Sharon K. Long is a senior research associate in the Health Policy Center of the Urban Institute. Her research has covered a wide range of issues related to poverty, welfare policy, employment and training programs, child care, health care, and long-term care.

Sandra J. Clark was a research associate in the Income and Benefits Policy Center of the Urban Institute. Her work has focused on a wide range of programs and services for low-income families with children. She is currently on the staff of the U.S. House of Representatives Budget Committee.

Caroline Ratcliffe is a research associate in the Human Resources Policy Center.
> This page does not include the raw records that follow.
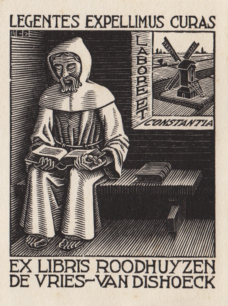 * Een tevreden monnik leest een boek bij het open raam, waarachter een molen te zien is. Erboven staat ‘Legentes expellimus curas’ (Als we lezen, verdrijven wij de zorgen) en in het raam staat ‘Labore et constantia’ (Door werk en gelijkmatigheid). Mooi! Bool 325.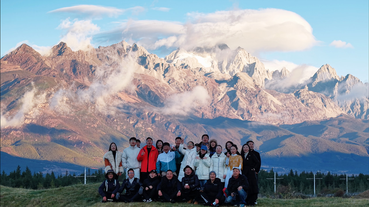 11月23日,参加“丽江数字营销人才网络宣传推介活动”的嘉宾在七号营地与“日照金山”合影。(丽江融媒记者 赵凤铭 摄)
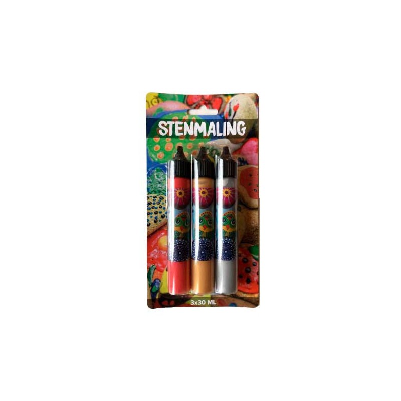 Stenmaling i bedste kvalitet. 30 ml. pr. farve. Med stenmaling kan du forvandle helt almindelige sten til små unikke kunsværker. Kan males didrekte på stenen fra tuben, eller bruges sammen med pensel og svamp. Husk at stenene skal være rene og tørre inden brug. Masser af sjov for store og små.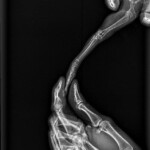 Koncem května k nám do azylu přicestovala velice sympatická handicapovaná králičí holčička Hokejka. Na Hokejku jsme byli upozornění jednou z našich fanynek. Nacházela se ve zverimexu na jihu Čech, kam jí údajně odložil její nezodpovědný majitel. Díky skvělým dobrovolníkům se sehnal téměř okamžitý převoz k nám do azylu. Králička byla velice zanedbaná, znečištěná výkaly a se zplstnatělou srstí. Největší problém však představovala její pravá přední tlapka o které jsme se ze začátku mylně domnívali, že je zlomená. Ve snaze zachránit pacičku jsme se objednali ke specialistovi = ortopedovi MVDr. Skalovi, který nám již poněkolikáté vyšel vstříc a králíčka vzal přednostně. Hokejka je statečná holka a návštěvu veteriny i v šíleném vedru zvládla skvěle. RTG ukázal, že se nejedná o zlomeninu, ale pravděpodobně o vývojovou vadu při které došlo k deformaci kosti vřetení a loketní a následnému přetočení zápěstí.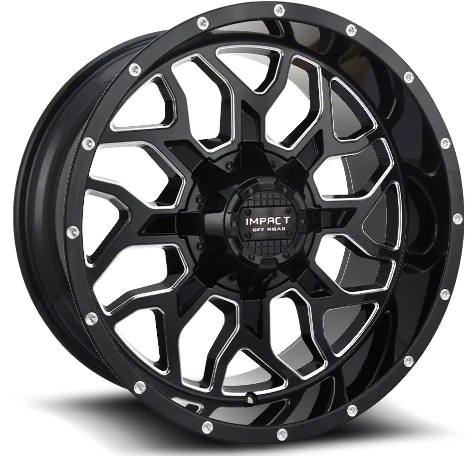 The 20x12 Impact Wheels 813 Gloss Black Milled 6-Lug Wheel; 20x12; -44mm Offset is completed in a high quality, gloss black finish. The milled steel accents are where it really shines through. The accents make the split section of the spokes pop along the faux beadlock.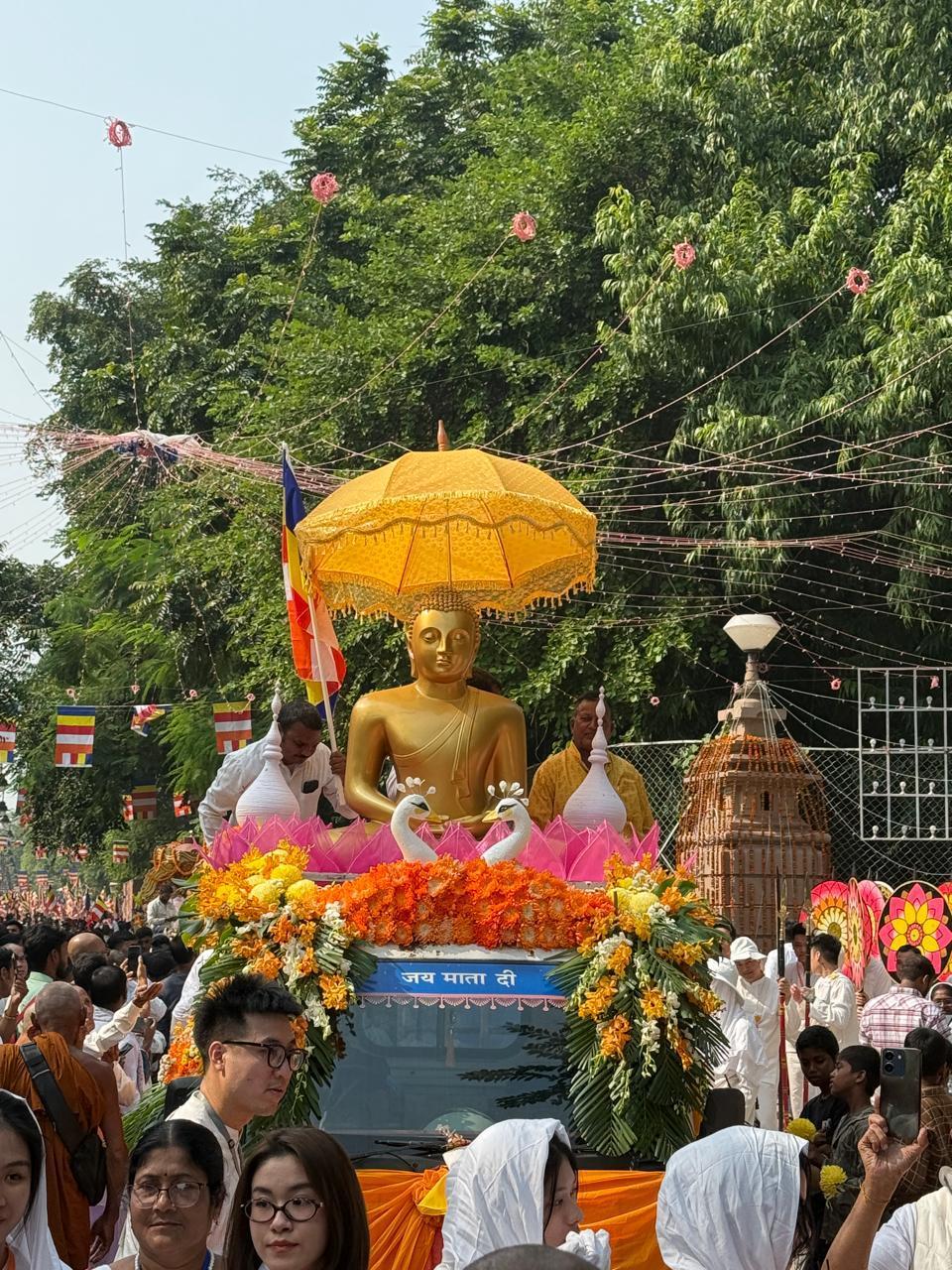 कार्तिक पूर्णिमा पर सारनाथ में आस्था, भक्ति और संस्कृति की अद्भुत छटा देखने को मिली. 'बुद्धम शरणम गच्छामि' मंत्रोच्चार के बीच भगवान बुद्ध की फूलों से सुसज्जित मूर्ति के साथ भव्य शोभायात्रा निकाली गई. शंख-नाद और वाद्य-ध्वनियों के बीच मूलगंध कुटी विहार से आरंभ यह यात्रा सारनाथ के प्रमुख मार्गों से होकर पुनः विहार में संपन्न हुई. धर्म भाव से ओत-प्रोत श्रद्धालुओं ने पवित्र अवशेषों के दर्शन के बाद अंतिम प्रणाम किया और संकल्प लिया कि वे बुद्ध के उपदेशों को अपने व्यवहार, विचार और जीवन में उतारकर ही सच्ची श्रद्धांजलि दे सकते हैं.

Her research has included welfare reform, welfare-to-work effectiveness, and the role of parental AFDC receipt on out-of-wedlock childbearing.
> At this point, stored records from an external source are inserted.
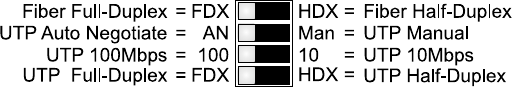DIP-Switch selects the duplex mode of the UTP port. When in the “FDX” position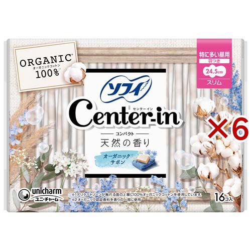 センターインコンパクト1/2オーガニックサボン 特に多い昼用 生理用品(16枚入×6セット)[生理用品 その他]
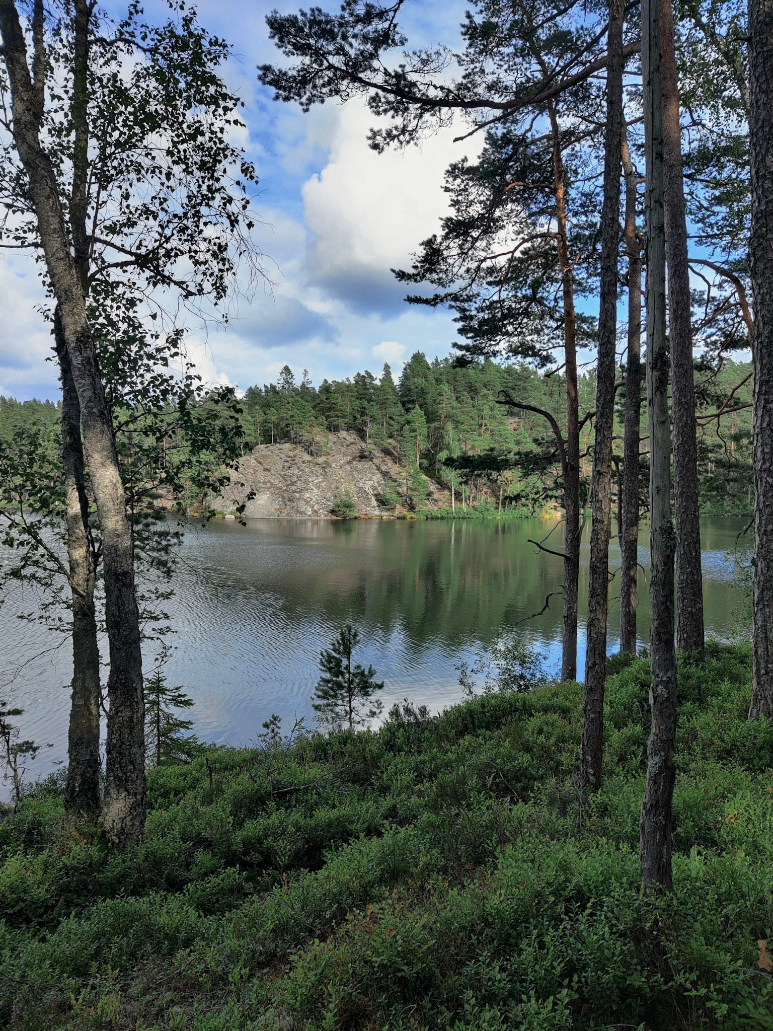Zwischen den großen Seen wird die Strecke etwas abwechslungsreicher und wir sehen eine ganze Weile den Vätternsee rechts liegen. Dann sind wir auch schon in der Nähe des geplanten Tagesziels, des Tiveden Nationalparks. Ein Urwaldgebiet, in dem ich schon vor unserer allerersten Schwedenreise 2016 einen Stern auf der Karte gesetzt hatte; nun, 6 Jahre später, besuchen wir es endlich.

Krista Olson was a research associate in the Human Resources Policy Center. Her research interests included child welfare, domestic violence, welfare-to-work issues, and mental health programs.


Funders

Assessing the New Federalism is funded by the Annie E. Casey Foundation, the W.K. Kellogg Foundation, the Henry J. Kaiser Family Foundation, the Ford Foundation, the John D. and Catherine T. MacArthur Foundation, the Charles Stewart Mott Foundation, the Commonwealth Fund, the Stuart Foundation, the Robert Wood Johnson Foundation, the Weingart Foundation, the McKnight Foundation, the Fund for New Jersey, and the Rockefeller Foundation. Additional funding is provided by the Joyce Foundation and the Lynde and Harry Bradley Foundation through a subcontract with the University of Wisconsin at Madison.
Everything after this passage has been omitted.